Wednesday, January 05, 2011

Indian Launch Mishap Linked To Connector Failure

By Neelam Mathews

The Indian Space Research Organization (ISRO) says the Dec. 25 failure of a Geosynchronous Satellite Launch Vehicle (GSLV-F06) carrying the GSAT-5P satellite was caused by the untimely and inadvertent snapping of a group of 10 connectors located at the bottom portion of the rocket’s Russian-made cryogenic upper stage.
Some of these connectors carry command signals from the onboard computer—located in the equipment bay near the top of the vehicle—to the control electronics of the four L40 strap-ons of the first stage. The connectors are intended to separate at 292 sec. after lift off.
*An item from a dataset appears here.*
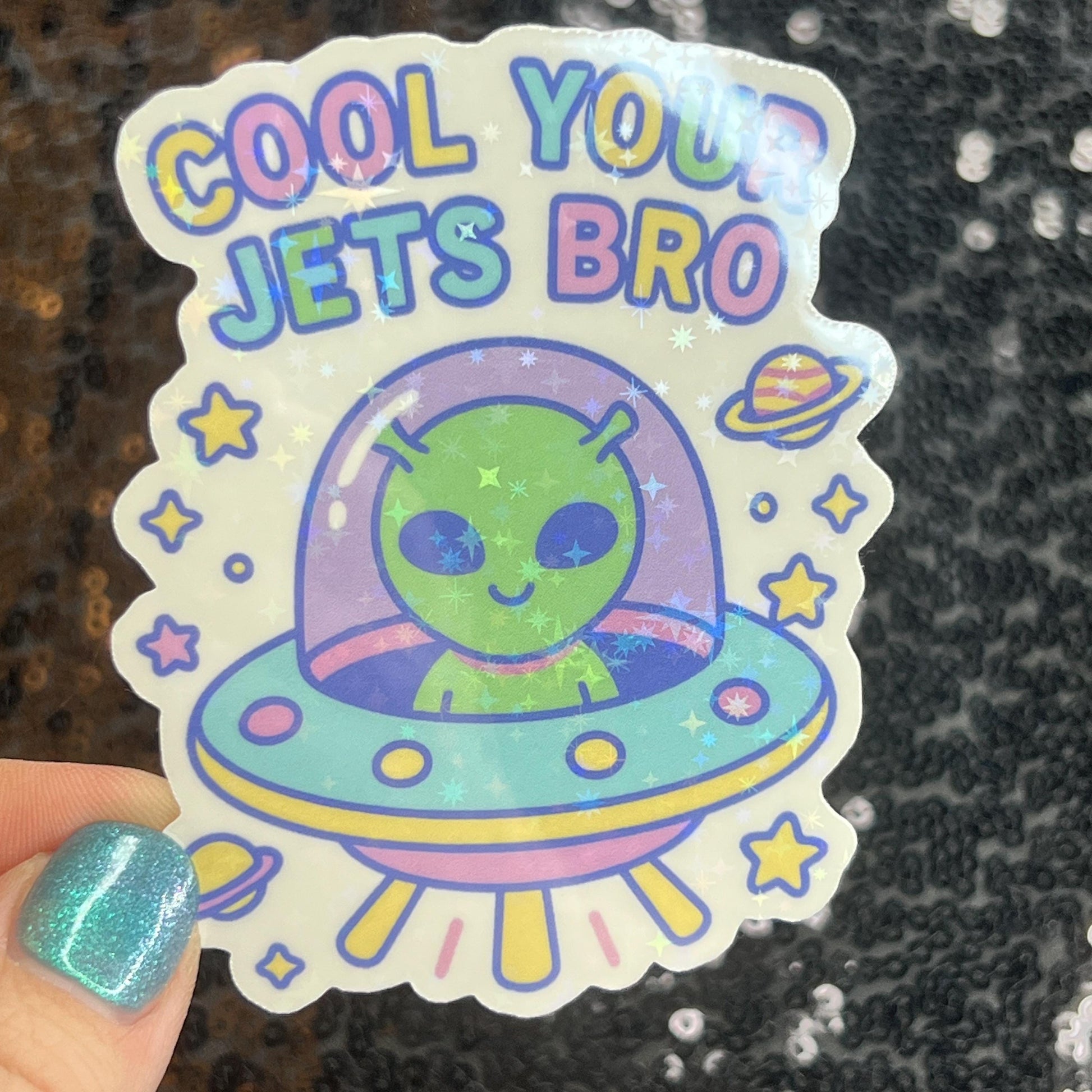 This Cool Your Jets alien sticker features a shimmering holographic design and measures 3 inches at its longest point. It’s a fun and uplifting reminder to stay positive and prioritize self-care.

The premature termination of the connectors interrupted commands to the first-stage control electronics, leading to loss of control and break-up of the vehicle, according to ISRO. The exact cause of the connector malfunction remains to be determined.
The 2,130-kg. (4,700-lb.) GSAT-5P was to replace the INSAT-2E satellite, launched in 1999. Carrying 24 C-band transponders and 12 extended C-band transponders, it was the heaviest satellite lofted by an Indian launch vehicle.
The performance of the GSLV-F06 flight was normal up to 47.5 sec. from lift off, when the rocket began to lose its orientation, leading to higher structural loads and finally the breakup of the vehicle at 53.8 sec. from launch. A destruct command was issued from the ground at 64 sec.